To illustrate a potential application of the integrated SPAD imager for capsule endoscopic fluorescence imaging we carried out two sets of experiments to validate the potential of using the capsule for autoflourscence imaging or targeted fluorescence imaging. Firstly, we imaged a phantom of endogenous fluorophores to demonstrate the potential for autofluorescence imaging (AFI) of tissue. Secondly we imaged exogenous fluorophores to illustrate the potential for targeted fluorescence imaging of areas of interest via fluorophore labelling.
An optical interference block is necessary to separate the excitation light source emission from the emitted fluorescence signal to be detected by the imager. Noise due to optical crosstalk must be minimised13. The block is designed to accommodate the excitation and emission wavelengths of both FAD fluorophore (460 nm excitation, 520 nm emission) and FITC (480 nm excitation, 520 nm emission) that are used in this work to prove the principles of autofluorescence and targeted-fluorescence imaging respectively. Other fluorophores have emission properties suitable for detection by a silicon SPAD, but FAD and FITC have the same emission wavelength and a similar excitation wavelength, so we could demonstrate the function of our device with the same choice of filters. A table of fluorophores and their optical characteristics is given in the supplementary section to illustrate our choice (see Supplementary Table 1). Clearly different embodiments of the device could choose different filter sets as required.
The 11 mm H × 9.6 mm L × 8.6 mm W aluminium optical block incorporates an excitation source LED (468 nm, 15o emission angle), a convex excitation lens with a focal length of f = 3 mm, a f = 10 mm achromatic objective lens, a 3mm diameter excitation filter (430–490 nm), a 9 mm diameter single-edge dichroic beam-splitter (506 nm), and a 9 mm fluorescence emission filter (513–555 nm). The spectral characteristics of the optical filters and beam splitter are shown in Fig. 2.
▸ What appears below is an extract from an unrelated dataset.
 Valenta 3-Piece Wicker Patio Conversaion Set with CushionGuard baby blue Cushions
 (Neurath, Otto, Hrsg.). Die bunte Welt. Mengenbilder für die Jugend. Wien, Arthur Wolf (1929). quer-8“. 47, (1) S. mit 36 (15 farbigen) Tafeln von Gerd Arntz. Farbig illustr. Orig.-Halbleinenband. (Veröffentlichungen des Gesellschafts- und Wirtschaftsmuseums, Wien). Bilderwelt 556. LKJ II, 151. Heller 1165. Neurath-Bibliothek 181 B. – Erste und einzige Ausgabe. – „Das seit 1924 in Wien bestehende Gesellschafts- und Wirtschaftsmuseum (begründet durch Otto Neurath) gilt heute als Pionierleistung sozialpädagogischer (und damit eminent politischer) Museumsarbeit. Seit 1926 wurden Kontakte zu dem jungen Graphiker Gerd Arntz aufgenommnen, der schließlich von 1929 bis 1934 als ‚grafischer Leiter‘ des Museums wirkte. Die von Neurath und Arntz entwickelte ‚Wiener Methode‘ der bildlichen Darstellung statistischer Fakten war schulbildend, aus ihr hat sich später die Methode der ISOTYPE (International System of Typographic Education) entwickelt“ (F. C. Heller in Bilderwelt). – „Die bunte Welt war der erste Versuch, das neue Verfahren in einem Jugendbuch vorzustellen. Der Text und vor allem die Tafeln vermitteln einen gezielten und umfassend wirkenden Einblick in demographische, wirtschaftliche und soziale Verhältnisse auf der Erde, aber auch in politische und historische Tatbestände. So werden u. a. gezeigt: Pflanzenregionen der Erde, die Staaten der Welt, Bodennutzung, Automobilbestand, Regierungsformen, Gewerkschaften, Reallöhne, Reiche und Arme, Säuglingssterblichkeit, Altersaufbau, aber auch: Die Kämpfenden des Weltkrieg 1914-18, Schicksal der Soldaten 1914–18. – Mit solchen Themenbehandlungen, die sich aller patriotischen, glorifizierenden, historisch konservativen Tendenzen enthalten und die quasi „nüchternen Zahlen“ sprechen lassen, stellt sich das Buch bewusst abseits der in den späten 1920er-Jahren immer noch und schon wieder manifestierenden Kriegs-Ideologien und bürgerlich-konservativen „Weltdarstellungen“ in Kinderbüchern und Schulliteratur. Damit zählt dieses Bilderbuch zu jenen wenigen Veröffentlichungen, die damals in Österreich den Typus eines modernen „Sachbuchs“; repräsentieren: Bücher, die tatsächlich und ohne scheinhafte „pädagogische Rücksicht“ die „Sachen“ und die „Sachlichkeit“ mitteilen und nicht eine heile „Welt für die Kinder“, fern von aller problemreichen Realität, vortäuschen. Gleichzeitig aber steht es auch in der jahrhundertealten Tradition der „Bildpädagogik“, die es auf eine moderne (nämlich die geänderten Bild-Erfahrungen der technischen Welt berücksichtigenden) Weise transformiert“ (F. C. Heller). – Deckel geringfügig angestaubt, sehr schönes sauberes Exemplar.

Supplementary Fig. 1. illustrates the optical block’s operation. Excitation light from the LED passes through the excitation filter that rejects the portion of the LED spectrum that extends into the fluorescence emission band. The filtered narrow LED beam is then focused by the excitation lens onto the beam splitter with an angle of incidence within the 45° ± 5° required for reflection. The reflected beam then passes through the objective lens resulting in a 67° illumination angle of the excitation beam at the object plane. The fluorescent emission from the sample is focused by the achromatic lens onto the SPAD imager’s active area. Crosstalk from the illumination wavelength is minimised by passing the fluorescent emission through the beamsplitter (which reflects the illumination wavelength) and fluorescence emission filter.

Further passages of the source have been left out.